Certain bacterial spores, as noted above, can tolerate recommended bleach concentrations. Prions, the misfolded proteins responsible for diseases like Creutzfeldt-Jakob disease, are also not destroyed by standard bleach solutions. And on porous materials like fabric, unfinished wood, or carpet, bleach fails against many organisms it would easily kill on a hard countertop, because it can’t reach pathogens embedded in the material.

Contact Time Matters More Than You Think

Wiping bleach across a surface and immediately rinsing it off does very little. The surface needs to stay visibly wet with the bleach solution for a specific period. Most EPA-registered disinfectants list a 10-minute contact time on their labels. Research shows that many pathogens are killed within 1 minute on hard surfaces, but tougher organisms need the full dwell time.

For reusable items that touch mucous membranes, like certain medical equipment used in home care, the CDC recommends soaking in a 1:50 bleach dilution for at least 3 minutes. The practical takeaway: after applying a bleach solution, let the surface air dry or at least sit wet for several minutes before wiping.

Dilution Ratios for Common Uses

  • General household disinfection: roughly 1 tablespoon bleach per gallon of water (about 1:100)
  • Norovirus or stomach illness cleanup: stronger solution of about 1/3 cup per gallon
  • Blood spill cleanup (large): 1:10 dilution, meaning about 1.5 cups per gallon
  • Blood spill cleanup (small): 1:100 dilution

Always mix bleach with cool water. Hot water breaks down sodium hypochlorite faster and reduces effectiveness. Use the solution quickly after mixing, since diluted bleach loses potency rapidly once prepared. Undiluted bleach from a sealed bottle is relatively stable, but once diluted or frequently opened, the active chlorine degrades. Solutions opened and closed daily lose strength faster because the pH drops, accelerating chemical breakdown.

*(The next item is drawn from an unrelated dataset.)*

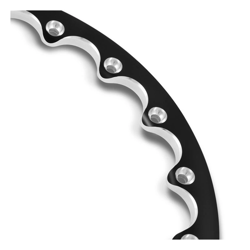உற்பத்தியின் மேற்பரப்பு அனோடைஸ் வண்ணமயமாக்கல் சிகிச்சையை ஆதரிக்கிறது (விருப்ப சிவப்பு/நீலம்/தங்கம்/கருப்பு மற்றும் பிற போட்டி வண்ணங்கள்), இது காட்சி தாக்கத்தை மேம்படுத்துவதோடு மட்டுமல்லாமல், அரிப்பை எதிர்க்கும் பாதுகாப்பு அடுக்கையும் உருவாக்குகிறது மற்றும் சேவை வாழ்க்கையை விரிவுபடுத்துகிறது. அதன் புதுமையான பூட்டுதல் அமைப்பு டயர் உதட்டை உறுதியாக சரிசெய்யலாம், டயர் லிப் இடப்பெயர்ச்சி அல்லது உயர் மையவிலக்கு சக்தி நிலைமைகளின் கீழ் பிரிப்பதை திறம்பட தடுக்கலாம், மேலும் வளைவின் நிலைத்தன்மையையும் பாதுகாப்பையும் கணிசமாக மேம்படுத்தலாம்.

Chemicals You Should Never Mix With Bleach

Bleach reacts dangerously with several common household products. Mixing bleach with ammonia produces chloramine gas, which causes coughing, shortness of breath, chest pain, and in confined spaces can be fatal. Many glass cleaners and multi-purpose cleaners contain ammonia.

Mixing bleach with any acid produces chlorine gas, which is even more immediately dangerous. Acids are found in vinegar, toilet bowl cleaners, rust removers, some dishwasher detergents, drain cleaners, and brick or concrete cleaners. Bleach also reacts with hydrogen peroxide, some oven cleaners, and certain insecticides. The safest rule is simple: never mix bleach with anything except water.